Information Privacy Law

Professor Ira Rubinstein

March 21, 2017

Judge Gorsuch and the Fourth Amendment

United States Supreme Court nominee Neil Gorsuch is perhaps best known for being two things: a controversial replacement for President Barack Obama’s candidate, Merrick Garland, and a judge selected precisely because his jurisprudential philosophy hews strongly conservative. However, when it comes to the Fourth Amendment – an especially unsettled body of law given advancements in modern technology – Gorsuch’s record has proven less predictable than his generally originalist philosophy might suggest.

While Gorsuch has sided with the government more often than not (which is the case for most appellate judges across the ideological spectrum), his record includes various instances in which Gorsuch sided with citizens against unlawful government searches.
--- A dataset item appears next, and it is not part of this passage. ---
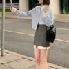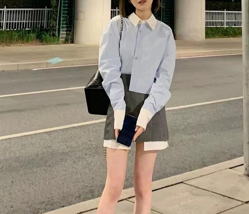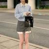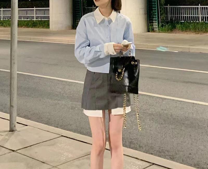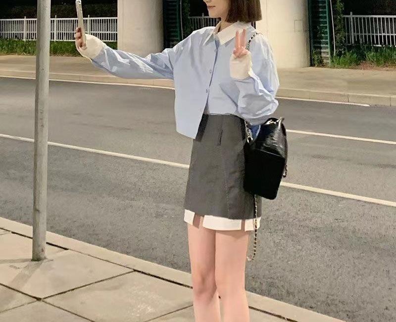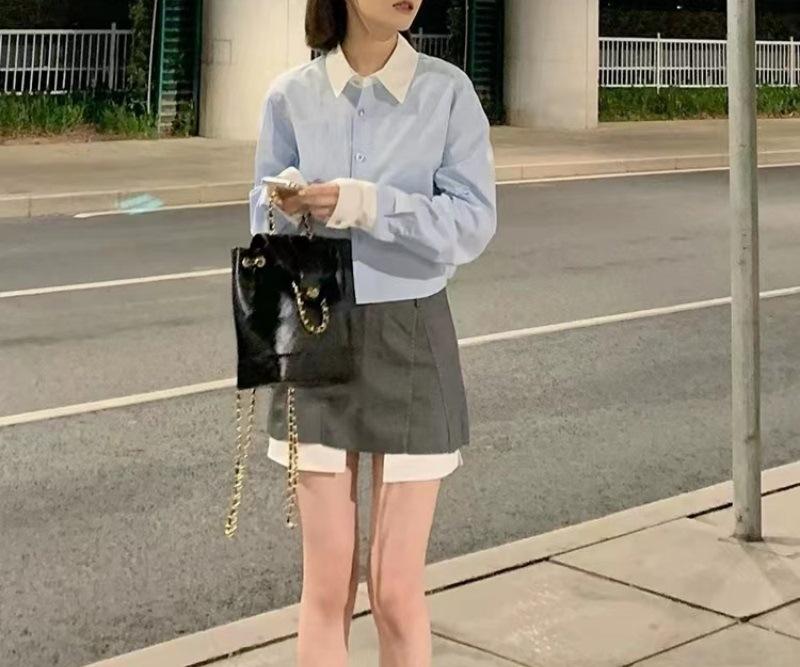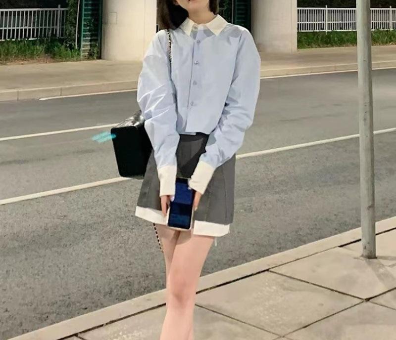 Vestido estilo universitario dulce y salado para mujer, diseño de camisa de manga larga, top de moda, falda corta de media longitud, conjunto de dos piezas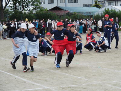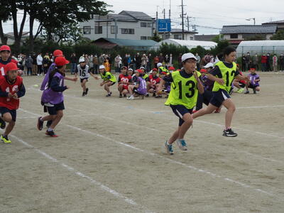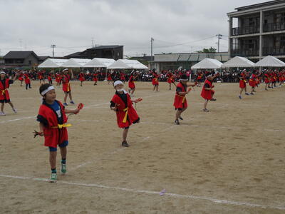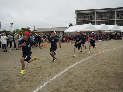 運動会を開催しました。早朝より、準備・運営等でPTA役員の方々にお世話になりました。曇り空の中でしたが、校庭全体には、子どもたちの元気とやる気が満ちあふれていました。スローガン「全力つくして! 仲間と共に 限界突破!!」が具現化されたすばらしい運動会となりました。

Gorsuch has diverged from a traditionally conservative law-and-order approach to the Fourth Amendment by siding with a child pornography trafficker (United States v. Ackerman) and a methamphetamines user (United States v. Carloss) who were both subjected to searches that Gorsuch found objectionable.

Moreover, while Gorsuch has extended Justice Scalia’s common law trespass approach to the Fourth Amendment with respect to searches of homes and personal property, he has favored something closer to a totality of the circumstances test when ruling on Terry stops.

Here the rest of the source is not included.